The House on Burra Burra Lane
‘Really?’ Doe eyes; too soft, too engaging. There should be clarity in this somewhere. He’d been shocked into a simple case of unexpected desire that she’d started when … well, he wasn’t sure how this had begun. To hell with it. Get with it, for once. He caught her fingers in his before they slipped from his hand. ‘Miss Walker, are we going to do anything about this … attraction?’ He waited. ‘No,’ she whispered. ‘Are we sure?’ She pulled her hand from his. ‘I really didn’t mean to—’ ‘I thought I’d ask the question, since we’ve both admitted … attraction.’ ‘I was joking.’ Joking? A shot of hurt punctured his chest. ‘Right … of course. So was I.’ He walked past her. ‘Not joking exactly,’ she said as she followed him outside. ‘No, really, it’s fine.’ He stood next to her ancient canary-yellow SUV. She pulled keys from the back pocket of her track pants and beeped the remote. Ethan slid the cat box into the back of the vehicle, closed the door, moved to the driver’s door and opened it for her. She hesitated before getting in. ‘I’ve embarrassed us both. This is not the best time for me and I babbled on without thinking.’ She tilted her head. ‘I do that sometimes.’ She gave him a little smile but her gaze was filled with concern. Ethan took a breath. She wasn’t the only one who’d messed up. It hadn’t been fair of him to make a play in the first place, knowing he wouldn’t take it far. Should have taken more note of that cautionary knot in his stomach. Thankfully he’d been dumped quickly, before idiocy completely took over.
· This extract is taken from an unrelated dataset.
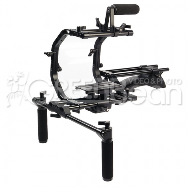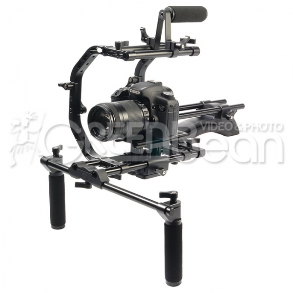 Устанавливается на 15 мм рельсовые направляющие. Для правильного баланса всей конструкции наплечник сделан из металла, прилегает к плечу удобной и мягкой поролоновой вставкой с износостойким покрытием. При необходимости может быть дополнен противовесом GreenBean GB-CW 25 (приобретается отдельно). Снизу расположены два отверстия с резьбой 1/4" и 3/8".

‘We’ll start over,’ he said. ‘Tomorrow. Three o’clock.’ And they’d make it businesslike. ‘Thank you.’ ‘No problem.’ He pressed his lips to a tight smile. She hooked her hip onto the seat, swivelled her legs in, and fired the engine. He closed the door for her and stepped back as she drove off. What the hell had just happened? ‘Where’s your assistant vet?’ Ethan swung around to Mrs J. ‘Gone west. I’ve advertised for another. I don’t expect an influx of applicants in a hurry though.’ ‘So you’re on your own again?’ He nodded. It wasn’t as though he couldn’t cope. Wasn’t as if he didn’t usually have to. Plenty of vets with big business on their minds operated within a hundred and twenty kilometre radius, which was fine by him. He had enough to keep him occupied and didn’t need much for contentment. His major investment outside of the surgery was his brand new cobalt-blue utility truck. ‘Got your bet placed?’ Mrs J lowered her voice as though the sheep in the field behind the surgery might spread the rumour before she did. Ethan thrust his hands into his pockets. ‘I don’t usually bat the breeze, Mrs J.’ ‘It’s not idle talk, Ethan. There’s a serious bet down. Haven’t figured out why it’s such a big deal though.’ She paused. ‘Been a long time since you set foot inside the gate on Burra Burra Lane, hasn’t it?’ That damned house. He should have kept it … or burnt it to the ground twelve years ago.